我们三人面面相觑的沉默了一阵,锦秋对我说道:“老公,要不你给肖婉打个电话,问问她有没有什么办法能让我妈出来个一两天、两三天的,要是可以的话,这问题就好办多了,咱们就可以想办法把外公外婆蒙骗过去了。”
我掏出手机拨通了肖婉的电话,跟她简单说了一下情况之后,肖婉说道:“这种情况属于探亲,服刑人员在服刑期间是不能出狱探亲的,就连奔丧都需要专门的申请、审批才行。”
“那不用探亲的名义,有没有其他的办法呢?只要能出来个三两天就行。”我又问道。
肖婉想了一下说:“看病!有些急性病、危重病,监狱的医务人员处理不了,就需要上外边的医院去治疗,这样的话,出来个几天时间是可以的,不过也是二十四小时都有狱警跟在身边的,你尽量往这个方面想想办法吧,要是这条路也走不通的话,那就真的没办法了。”
挂了电话,我把肖婉的意见说了出来,问苏建宝道:“表哥,这种情况,肯定是要托人走监狱的关系才行了,你认不认识监狱的工作人员?”
苏建宝摇了摇头:“不认识,你别看我们都穿警服,可我们属于公丨安丨系统,他们属于司法系统,直接打交道的机会其实并不多,而且我来彭城也才一年不到的时间,认识的人也有限。等我想想有没有什么门路吧,你们也想想,对了,兄弟,你不是和鸣凤煤矿的张总很熟吗,他在彭城是有头有脸的人物,而且又是省人大代表,市里各方面的领导估计他都认识,你不妨试着请他帮帮忙看,没准能行。”
听他这么推脱,我在心中暗想,看来还是回头我自己想办法去吧,谁让这是我丈母娘的事情呢。于是面上就点头随口应付道:“嗯,我知道了。”
锦秋说道:“表哥,你可以回去……”
“锦秋,快吃饭吧。”我不等锦秋说完,就打断了她,说道:“表哥说的没错,张总应该有关系的,等我明天问问他,请他帮个忙。”一边说着,就在桌子底下轻轻踢了她一下。
吃完饭,七点钟回到房间,一进门,锦秋就撅着嘴说道:“老公,你干嘛拦着我不让我说啊,就算苏建宝不认识监狱那边的人,他们领导也肯定认识,他回去请他们领导帮忙介绍一下不就行了,这比你找张林要方便得多。”

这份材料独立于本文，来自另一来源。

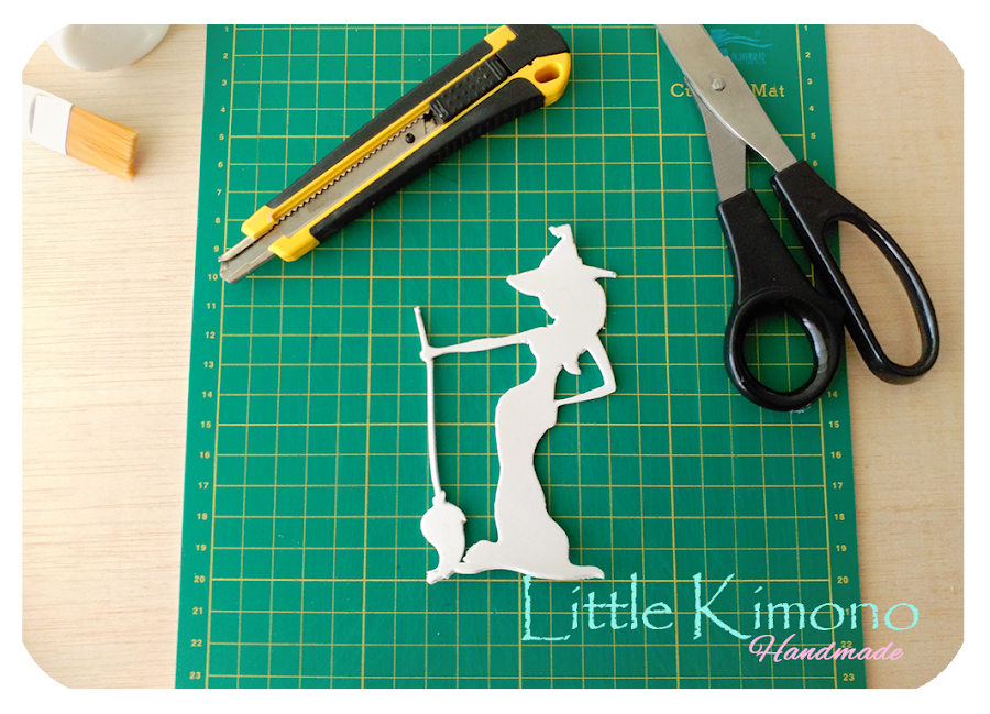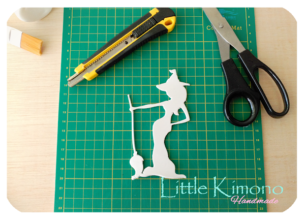 2. Recortamos algunas siluetas en goma eva, yo elegí una bruja ^_^ y las pegamos en la libreta con el pegamento termofusible.
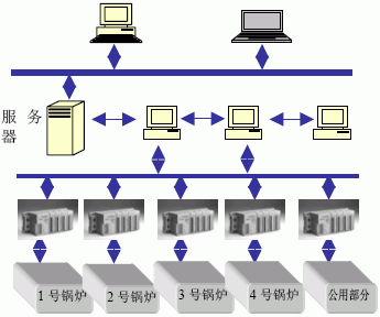 現(xiàn)場控制層完成對鍋爐和系統(tǒng)公共部分的數(shù)據(jù)采集及控制;車間監(jiān)控層設(shè)置兩臺操作員站、一臺工程師站。操作員站采用研華奔騰工業(yè)控制微機(jī),主要用于鍋爐系統(tǒng)的數(shù)據(jù)顯示及進(jìn)行控制操作,兩臺操作站同時(shí)工作互為熱備用。工程師站用于進(jìn)行系統(tǒng)參數(shù)設(shè)定及系統(tǒng)維護(hù);工廠管理層為可選的功能,可進(jìn)行系統(tǒng)運(yùn)行分析,數(shù)據(jù)統(tǒng)計(jì)、優(yōu)化等;本系統(tǒng)設(shè)有web服務(wù)器,可通過Internet 瀏覽系統(tǒng)的實(shí)時(shí)數(shù)據(jù),監(jiān)視系統(tǒng)的運(yùn)行狀態(tài)。

公丨安丨局和监狱,虽然一个属于公丨安丨系统,一个属于司法系统,可都归政法委管,就算苏建宝自己不认识监狱系统的人,他总认识他们公丨安丨局的一些领导吧,而他们领导必然认识监狱系统的领导,别的不说,光是每年政法委的各种会议,他们也要碰面、吃饭至少五六回。
苏建宝只要随便找到某个他们局里的领导,甚至就是他们警卫科科长,请人家帮忙介绍认识一下监狱方面的领导,十有八九就能找到门路,这种情况他不可能不清楚,可他还推脱,显然是不愿意出面。想来不外乎两方面的顾忌,一是怕让领导知道他有一个正在服刑的亲戚,而且还是腐败官员,会影响到他的前途。二是担心他自己出面找关系的话,要是我们装傻,那相关的打点费用就得他自己掏了。
我搂着锦秋在沙发上坐了下来,笑道:“不管他跟他们领导多熟,找关系托门路,终归是要欠下一份人情,他不愿意出面自然有他的难处,咱们也不用勉强,毕竟这是咱们自家的事,自己想办法吧。”
“什么咱们自家的事,跟他难道就没有一点关系?”锦秋不乐意的说:“说到底这是为了两位老人的健康着想。他是孙子,我是外孙女、你是外孙女婿,从关系来说他比咱们更近一层。从恩情来说,我长这么大也就见过我外公外婆三四回,你压根没见过,他可是在两位老人家身边长大的,怎么说他也应该出点力才是吧。”
我摇摇头笑道:“算了,宝贝,不说他了,还是等老公想办法吧。”
“那好吧,老公,你明天问问张林。”锦秋说道。
我又摇了摇头,笑道:“我暂时不打算找张林,我先问问王大哥,他要是能帮忙最好,如果他没办法的话,我再找张林吧。”
“为什么啊,老公,你几乎每天都要和张林碰面打交道,直接找他岂不是更方便。这种事情不管找张林还是找王大哥,反正都是要欠下一个人情,欠给谁我觉得都没什么区别,难不成还有什么讲究吗?”锦秋问道。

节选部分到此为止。